──────── Study material
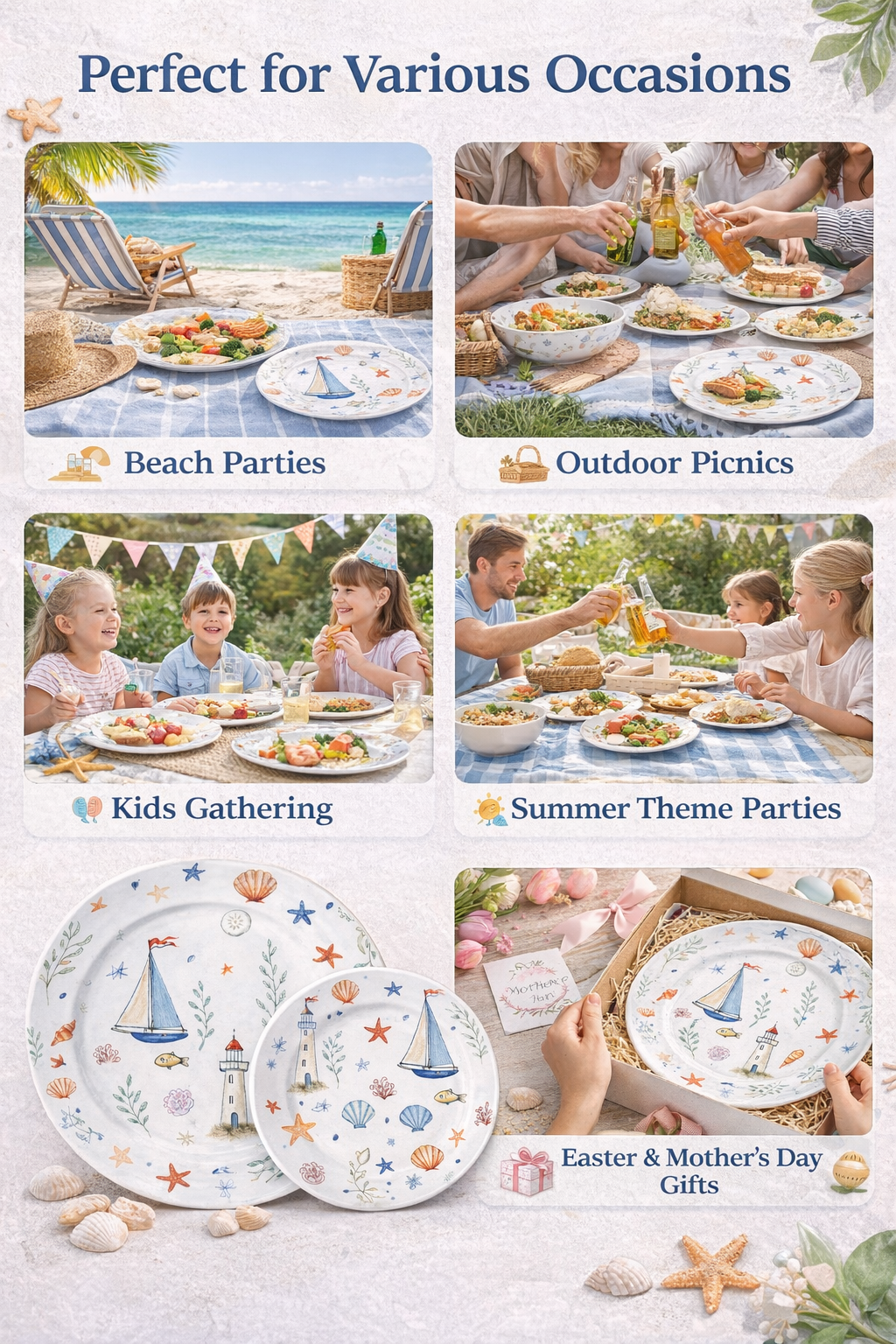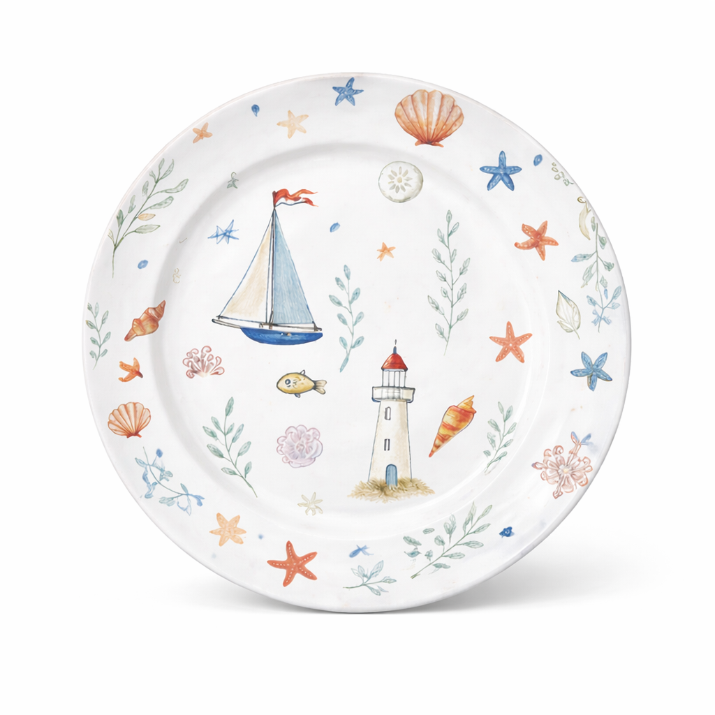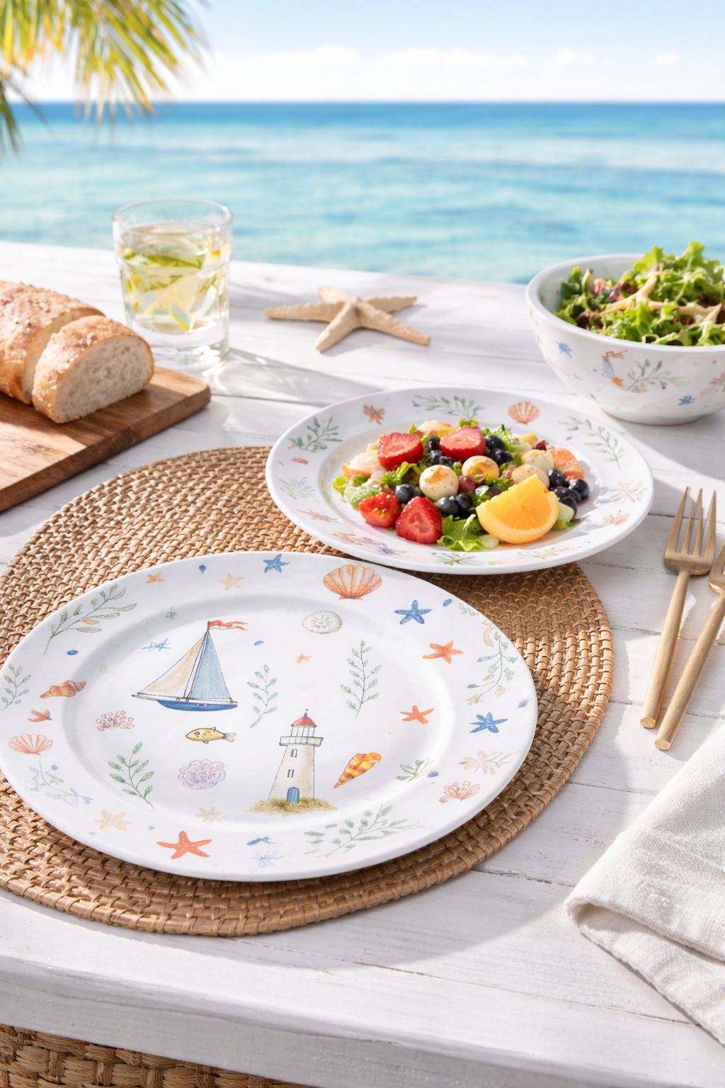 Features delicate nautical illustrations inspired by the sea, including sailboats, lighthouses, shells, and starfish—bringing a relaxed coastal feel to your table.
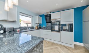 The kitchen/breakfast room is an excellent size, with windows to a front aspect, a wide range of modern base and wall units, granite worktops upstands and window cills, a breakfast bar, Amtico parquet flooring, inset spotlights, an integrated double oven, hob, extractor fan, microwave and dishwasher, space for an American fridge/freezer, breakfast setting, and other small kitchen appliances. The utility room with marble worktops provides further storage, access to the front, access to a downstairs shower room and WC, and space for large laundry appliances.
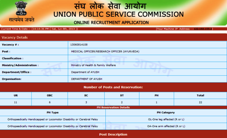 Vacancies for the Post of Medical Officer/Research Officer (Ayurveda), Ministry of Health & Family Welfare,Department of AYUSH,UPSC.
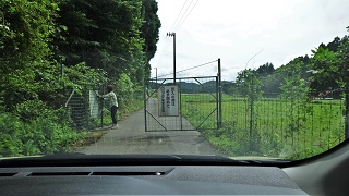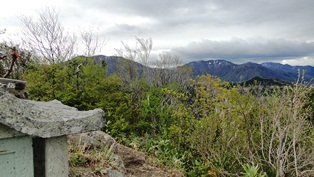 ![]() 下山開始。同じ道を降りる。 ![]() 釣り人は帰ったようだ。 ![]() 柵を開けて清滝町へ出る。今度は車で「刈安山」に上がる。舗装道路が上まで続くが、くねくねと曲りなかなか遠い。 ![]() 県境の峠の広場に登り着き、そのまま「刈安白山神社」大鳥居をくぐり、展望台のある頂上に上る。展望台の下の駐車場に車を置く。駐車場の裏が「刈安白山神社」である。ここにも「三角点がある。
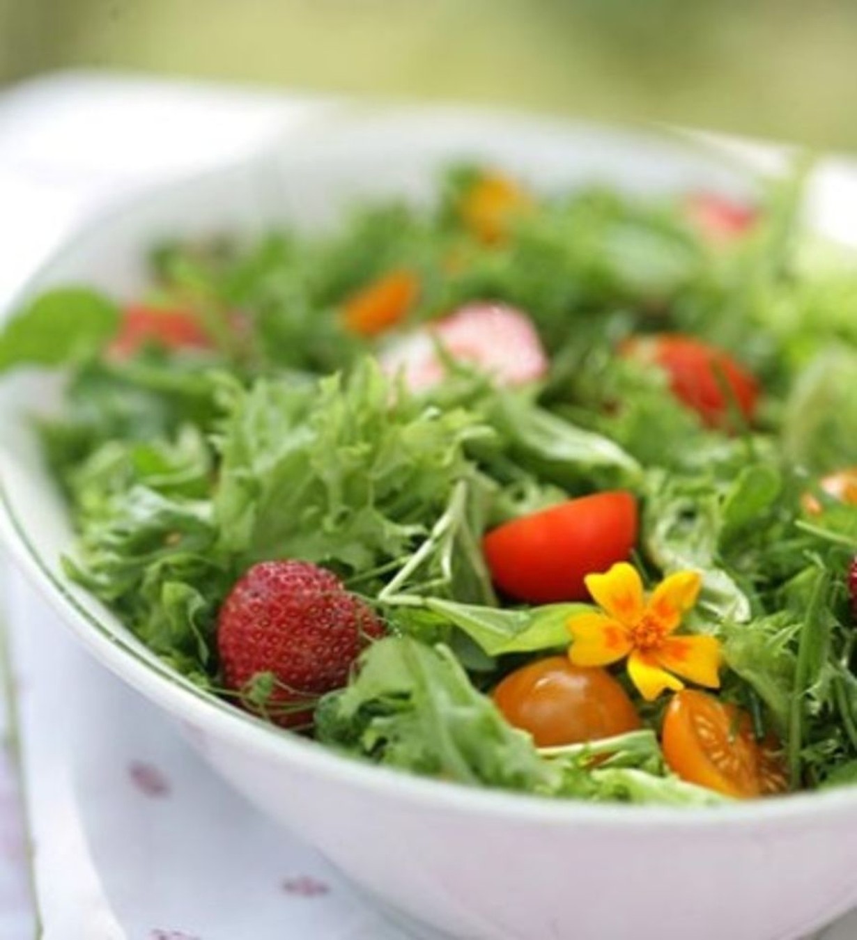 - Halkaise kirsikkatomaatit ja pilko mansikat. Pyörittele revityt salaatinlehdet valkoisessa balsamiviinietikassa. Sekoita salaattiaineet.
────────────────
## Exercise
Copy only this, please: the line with "下山開始。同じ道を降りる。 ![]() 釣り人は帰ったようだ。" and every line after it through the end of the data, with no pictures.

## Final answer
 ![]() 下山開始。同じ道を降りる。 ![]() 釣り人は帰ったようだ。 ![]() 柵を開けて清滝町へ出る。今度は車で「刈安山」に上がる。舗装道路が上まで続くが、くねくねと曲りなかなか遠い。 ![]() 県境の峠の広場に登り着き、そのまま「刈安白山神社」大鳥居をくぐり、展望台のある頂上に上る。展望台の下の駐車場に車を置く。駐車場の裏が「刈安白山神社」である。ここにも「三角点がある。
 - Halkaise kirsikkatomaatit ja pilko mansikat. Pyörittele revityt salaatinlehdet valkoisessa balsamiviinietikassa. Sekoita salaattiaineet.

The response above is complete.